Mays not only took the crown from his onetime fellow New York centerfielder Mantle, he never looked back. The career arcs are quite different for Mays and Mantle, with Mays trending upwards and then sustaining a peak level through the later years of his career. Mantle was the opposite, peaking early and then fading slightly through a combination of bad knees and late nights. Mays' defensive prowess kept the crown on his head until his offensive numbers completely collapsed.
Total WAR: 98.6
Trivia: From 1954, when he returned from the Army, to 1965, Mays lead the NL in WAR every year but two.
Perhaps Santo, who will be inducted into the Hall of Fame this July just over a year after his death, would have been in the Hall of Fame while he was living if we'd calculated the King of Baseball a few years ago. As Mays faded, Santo came into his own, leading a Cubs team that never quite got over the hump and into the postseason, but it was never Santo's fault for that.
Total WAR: 37.8
Trivia: The only player to play in more games during this block than Santo was his teammate and fellow Hall of Famer Billy Williams. They were the only players to break 800 games over the five seasons.
It's no surprise that "Yaz" held the crown, even for just a short time, given his tremendous all-around production, especially in his Triple Crown- and MVP-winning season of 1967, when he hit .326 with 44 home runs and 121 RBIs.
Total WAR: 44.7
Trivia: From 1965 to 1970, Yaz lead the AL in on-base percentage four times and slugging percentage three times.
Clemente's legend can hardly be raised any higher, but being the first Latin King of Baseball is another feather in an inner circle career. Clemente's untimely death after the 1972 season probably didn't keep him from holding this title much longer since he was past his peak, though one or two more blocks is likely.
Total WAR: 31.2
Trivia: While few would dispute that Clemente deserves a spot on this list, this block actually excludes his best season by WAR, which was 8.2 wins in 1967. His is a crown of assiduousness more than abnormally outstanding play.

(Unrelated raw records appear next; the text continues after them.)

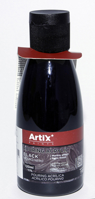 Tekutá akrylová barva POURING ACRYLIC značky ARTIX PAINTS. Černá 120 ml. Barva je ředěná k okamžitému použití. Vhodná pro techniku akrylového lití ( tzv. pouring) či mramorování (marbling) se saténovým povrchem. Před použitím protřepat. Obsahuje malé části. Nevhodné pro děti do 3 let.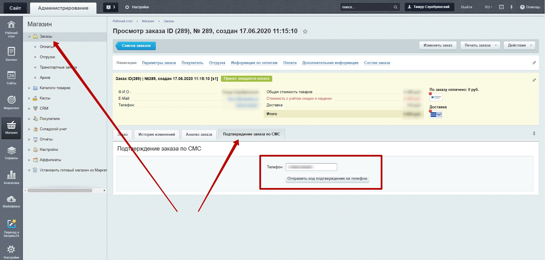 3. В административной части, в заказе, после установки нашего модуля, появится вкладка "Подтверждение заказа по СМС":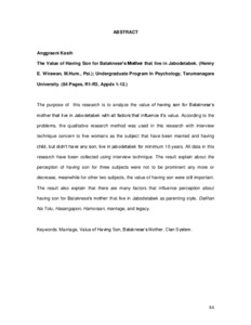 The purpose of this research is to analyze the value of having son for Bataknese’s mother that live in Jabodetabek with all factors that influence it’s value. According to the problems, the qualitative research method was used in this research with interview technique concern to five womans as the subject that have been married and having child, but didn’t have any son, live in jabodetabek for minimum 10 years. All data in this research have been collected using interview technique. The result explain about the perception of having son for three subjects were not to be prominent any more or decrease, meanwhile for other two subjects, the value of having son were still important. The result also explain that there are many factors that influence perception about having son for Bataknese’s mother that live in Jabodetabek as parenting style, Dalihan Na Tolu, Hasangapon, Hamoraan, marriage, and legacy.

There's always one name on any list that functions as the headscratcher. While every other King could be argued, they're all clear baseball royalty. Bando, on the other hand, seems a pretender. Is this our Richard III in spikes? No, it seems he's more Phillip II, the forgotten king. Bando was a very solid player, finishing in the top five of MVP voting two times during this block (and another one year later.)
Total WAR: 33.6
Trivia: With Santo's admission into the Hall of Fame later this year, Bando is left as the only eligible player on this list since 1945 to not be in Cooperstown.